Key Experimental Results

Main Results

Method GenAI-Bench AURORA-Bench ImagenHub EditReward-Bench
GPT-4o 53.54 50.81 38.21 28.31
GPT-5 59.61 47.27 40.85 37.81
Gemini-2.5-Flash 57.01 47.63 41.62 38.02
Qwen2.5-VL-7B-Inst 40.48 38.62 18.59 29.75
EditReward (Qwen) 63.97 59.50 36.18 36.78
EditReward (MiMo) 65.72 63.62 35.20 38.42

EditReward comprehensively outperforms closed-source models including GPT-5 and Gemini-2.5-Flash.

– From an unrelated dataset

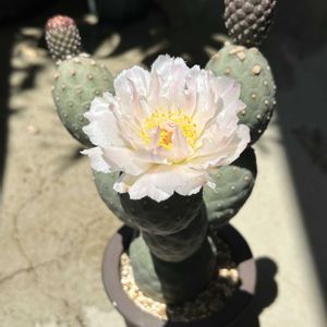 Tephrocactus geometricus テフロカクタス・ゲオメトリクス 今日はちゃんと咲きました〜🌸🎶 pic① 9:30 pic② 11:45 少し晴れ間が出て、全開に咲きました🌸 pic③ ゲオ、蓬莱宮、紫太陽 紫太陽は半開き…力尽きたか(∵`)?! pic④ 昨年と今年のゲオの花を比べてみた🌸 ↖️昨年咲いたゲオちゃんと ↘️今日咲いたゲオちゃん 昨年の花の方が大きく見える👀✨ この日は天気が良かったので、めっちゃ開いてるから…いや、今年の方が心持ち小さいような🤔💭 pic⑤ 雄しべを触ると動いたよ☝️😉 ⬆️触る前 ⬇️触った後 斜め上の雄しべをԅ( ˘꒳˘ ԅ)サワサワ ゲオ、蓬莱宮、紫太陽の花で 🏷可憐な火曜日 🏷ピンクワールドへ ようこそ(今日も💦) pic①の🐮コラージュで 🏷牛の日 参加させていただきます(⋆ᴗ͈ˬᴗ͈)” ゲオちゃんの花が大好き🩷 でも、子株も出してね🤗 出来たら、ミッキーみたいに頭に2つ… 🙏オナシャ~ス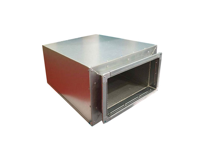 消聲降噪靜壓箱包括靜壓箱本體,靜壓箱本體的上表面和靜壓箱本體的底面均開設(shè)有通口,靜壓箱本體的內(nèi)側(cè)壁通過(guò)銷軸鉸接有兩組等距離排列的消聲片,兩組消聲片相互靠近的一側(cè)面均固定連接有松緊帶,靜壓箱本體的內(nèi)側(cè)壁固定連接有定位板,定位板的上表面固定連接有兩個(gè)吸音棉,兩個(gè)吸音棉相互遠(yuǎn)離的一側(cè)面均與靜壓箱本體的內(nèi)側(cè)壁固定連接,定位板的上表面固定連接有彎板,靜壓箱本體的內(nèi)側(cè)壁固定連接有蜂窩板,蜂窩板的下方設(shè)有過(guò)濾網(wǎng),定位板的上表面開設(shè)有四個(gè)通風(fēng)口。

Data Filtering Application

EditReward is used to filter a high-quality subset from ShareGPT-4o-Image (46K) for fine-tuning Step1X-Edit:

Training Data GEdit-EN \(G_O\) GEdit-CN \(G_O\)
Step1X-Edit (original) 6.444 6.779
+ Full ShareGPT-4o 6.780 6.583
+ Top 10K (EditReward filtered) 6.938 7.000
+ Top 20K (EditReward filtered) 7.086 7.074
+ Top 30K (EditReward filtered) 6.962 6.938
Doubao-Edit 6.983 6.942

Top 20K represents the optimal trade-off point, elevating the open-source Step1X-Edit to near the level of Doubao-Edit.

Ablation Study

Variant Loss Type Head Type Aggregation GenAI-Bench
I Pointwise regression N/A N/A 49.62
II Pairwise ranking Shared Mean 60.17
V (final) Pairwise ranking Multi-independent Mean 63.97
  • Pairwise ranking ≫ pointwise regression (+14.35).
  • Multi-independent heads ≫ shared head (+3.80).
  • Mean aggregation yields the best overall performance.

Key Findings

  • After training, Qwen2.5-VL-7B improves by more than 23 points on GenAI-Bench (40.48→63.97), demonstrating the potency of the proposed framework.
  • EditReward performs comparably to GPT-4o on OOD tasks (Text/Style categories): 46.80 vs. 41.69.
  • Data quality outweighs quantity: Top 20K outperforms the full 46K set.

Highlights & Insights

  • The 200K expert-annotated preference dataset achieves high quality (Krippendorff's \(\alpha > 0.59\)), far surpassing crowdsourced annotations.
  • The two-dimensional (IF + VQ) decoupled design is empirically supported: inter-annotator agreement is indeed higher for IF than VQ, validating the necessity of dimension-wise modeling.
  • Tie decomposition is a simple yet effective technique that fully exploits the information embedded in tied annotation pairs.
  • The data filtering application is direct and quantifiable: scoring 46K samples requires only 2.61 GPU hours.

Limitations & Future Work

  • The annotation framework covers only two dimensions (IF and VQ), potentially missing aspects such as spatial consistency and style preservation.
  • Experiments are conducted primarily on 7B-scale VLMs; the effectiveness at larger or smaller scales remains unknown.
  • Data filtering experiments are validated on a single downstream model (Step1X-Edit); generalizability requires further investigation.
  • Multi-way preference accuracy on EditReward-Bench remains low (~11% at K=4), indicating that the task remains highly challenging.
  • HPSv3: A pioneer in uncertainty-aware ranking, but limited to a single dimension.
  • ImageRewardDB: An early preference dataset, but noisy and single-dimensional.
  • ADIEE: Trained on model-generated labels, introducing bias.
  • Key insight: high-quality human annotation combined with multi-dimensional decoupling constitutes the critical path toward reliable reward models.

Rating

  • Novelty: ⭐⭐⭐⭐ Multi-dimensional uncertainty-aware ranking and tie decomposition are notable contributions, though the overall framework is relatively standard.
  • Experimental Thoroughness: ⭐⭐⭐⭐⭐ Evaluation on 4 benchmarks, data filtering application, extensive ablations, and OOD testing.
  • Writing Quality: ⭐⭐⭐⭐ Well-structured and data-rich, though notation is somewhat dense in places.
  • Value: ⭐⭐⭐⭐⭐ Both the dataset and model will be open-sourced, providing significant contributions to the image editing community.